Given a phytosociological table (m_bin, rows corresponding to
taxa and columns corresponding to relevés) this function searches for
a k-partition (k defined by the user) optimizing TDV, i.e., searches,
using a Hill-climbing algorithm, for patterns of differential taxa by
rearranging the relevés into k groups.
The optimization can start from a random partition (p_ini = "random"), or
from a given partition (p_ini, defined by the user or produced by any
clustering method, or even a manual classification of the relevés).
In the description given below, a 1-neighbour of a given partition is
another partition that can be obtained by simply changing one relevé to a
different group. Equivalently a n-neighbour of a given partition is
another partition obtained ascribing n relevés to different groups.
This function implements a Hill-climbing algorithm, where a TDV improvement
is searched in each iteration, screening all 1-neighbours, until the given
number of maximum iterations (maxit) is reached. If maxit is not
reached but no TDV improvement is possible among all the 1-neighbours of
the currently best partition, the search is halted and the current
partition is tagged as a local maximum and outputted.

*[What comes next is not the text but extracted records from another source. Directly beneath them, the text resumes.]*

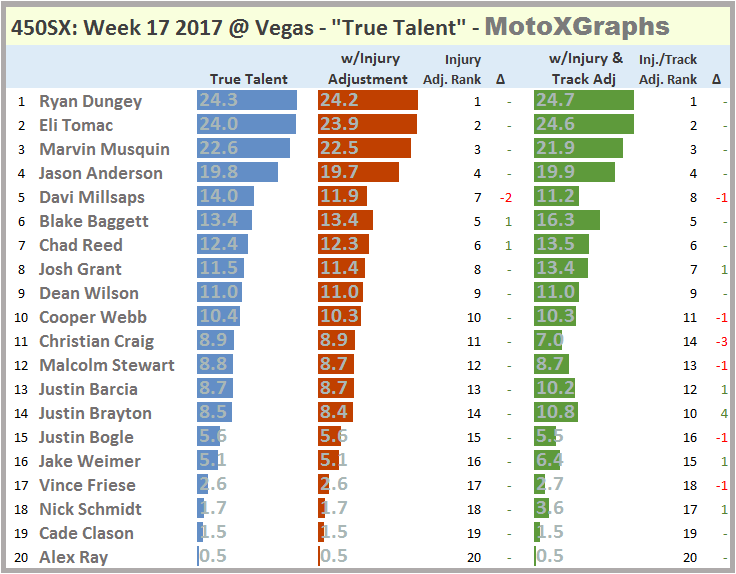 As usual, the updated 2017 Supercross Prediction puts the whole season in perspective, while the "This Week" rankings look at the riders' perceived ability (aka "true talent") as well as taking into account injuries and the riders' history at the upcoming track.
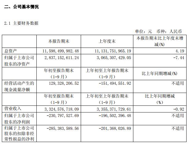 挖貝網(wǎng) 10月12日消息,方正科技發(fā)布前三季度業(yè)績報(bào)告,收入33.25億元,同比下跌0.92%。虧損2.31億元,去年同期虧損1.97億元。
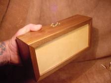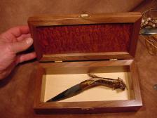 Offered here is another beautoful jewely bob made from black walnut and exotic burl....so with the black theme I carved a bear track handle on a genuine elk crown and attached it to the lid, this is a perfect box for anything including antler carvings or a stone knife. signed bonecarver and numbered. FREE SHIPPING |
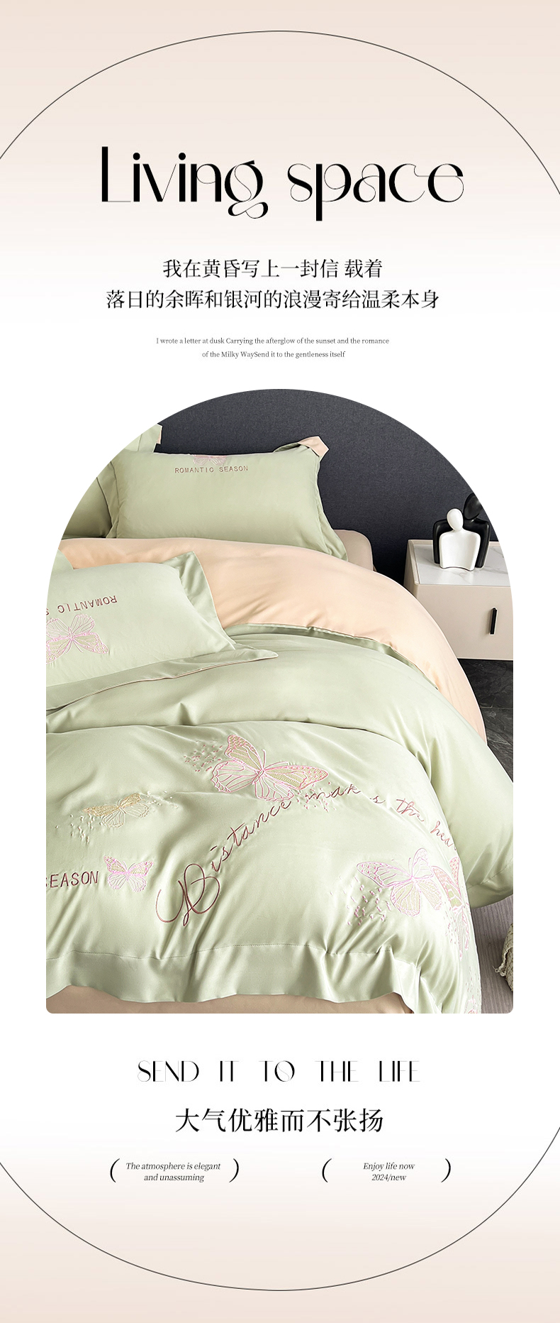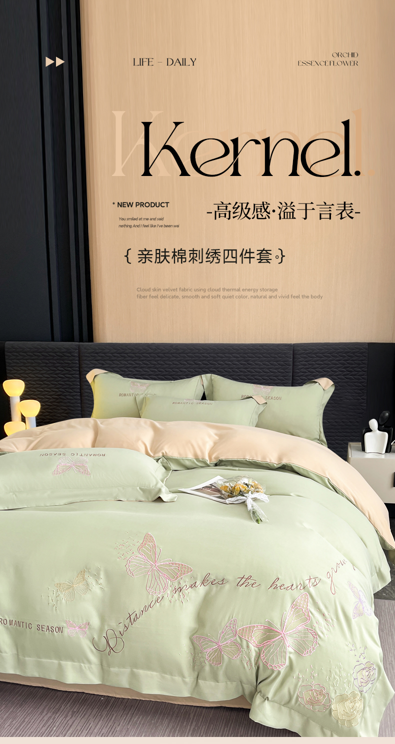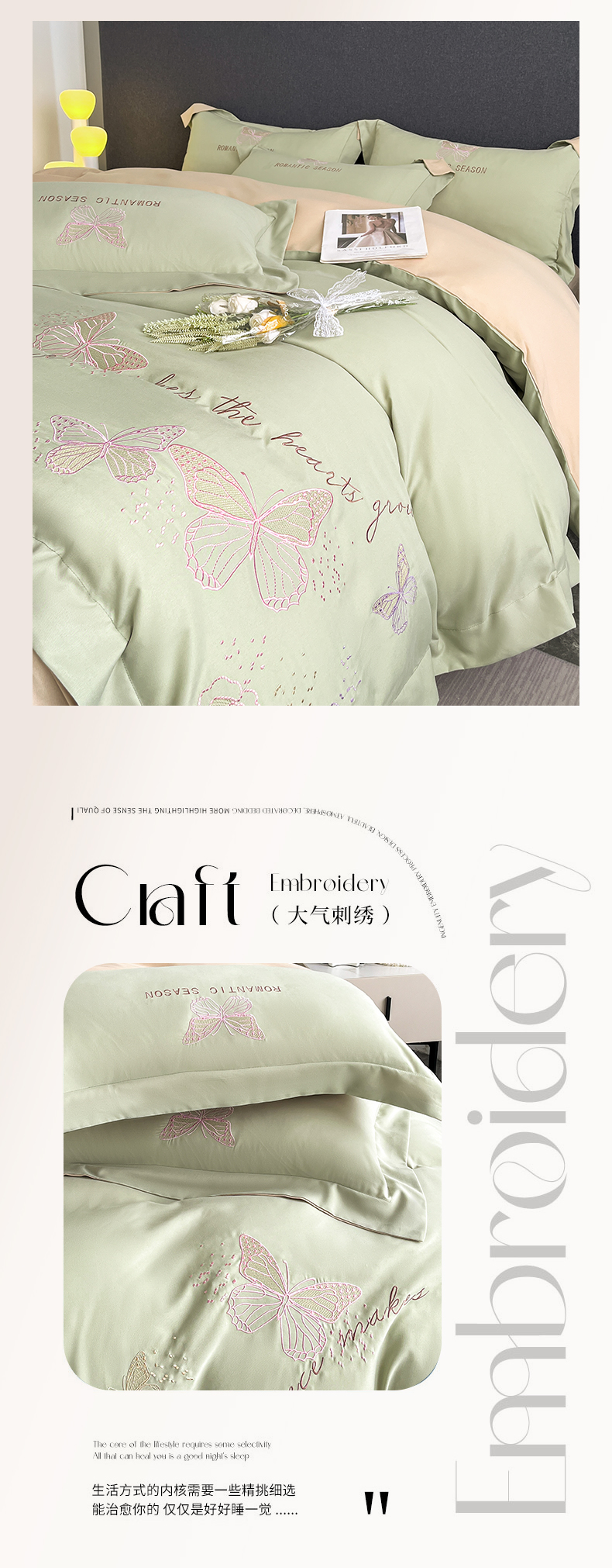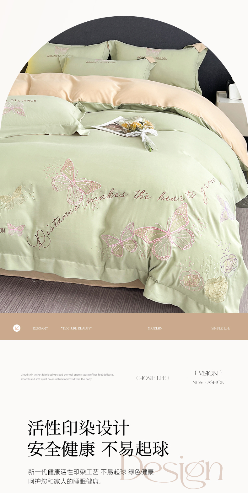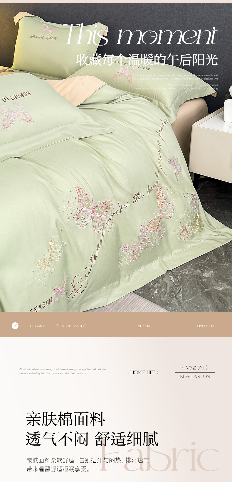 当前位置: 91家纺网 > 商品网购 > 床品套件 > 四件套 > 其它四件套 > 青柚 2025新款梦蝶亲肤棉刺绣四件套(小号不低于98元,标准不低于138,加大不低于148,以此类推,低价必投不撤销) 梦蝶-草绿

As the screening of all 1-neighbours might be computationally heavy,
specially while analysing big tables, optionally, a Stochastic
Hill-climbing search can be performed as a first step
(stoch_first = TRUE). This consists in searching for TDV improvements, by
randomly selecting, in each iteration, one n-neighbour (n defined by
the user in the parameter stoch_neigh_size), and accepting that
n-neighbour partition immediately if it improves TDV. This is repeated
until a given number of iterations (stoch_maxit) is reached. Specially
while starting from random partitions, Stochastic Hill-climbing is intended
to increase TDV without the computational burden of the full neighbourhood
screening, which can be done afterwards, in a second step.
The Hill-climbing or the combination of Stochastic Hill-climbing +
Hill-climbing, can be run multiple times by the function (defined in
n_runs), which consists in a Random-restart Hill-climbing, where n_sol
best solutions are kept and returned.
As the Hill-climbing algorithm converges easily to local maxima, several
runs of the function (i.e., multiple random starts) are advised.
Trimming your table by a 'constancy' range or using the result of other
cluster methodologies as input, might help finding interesting partitions.
However, after trimming the table by a narrow 'constancy' range, getting a
random initial partition with TDV greater than zero might be hard; on such
cases using a initial partition from partition_tdv_grasp() or
partition_tdv_grdtp(), or even the result of other clustering
strategies, as an input partition might be useful.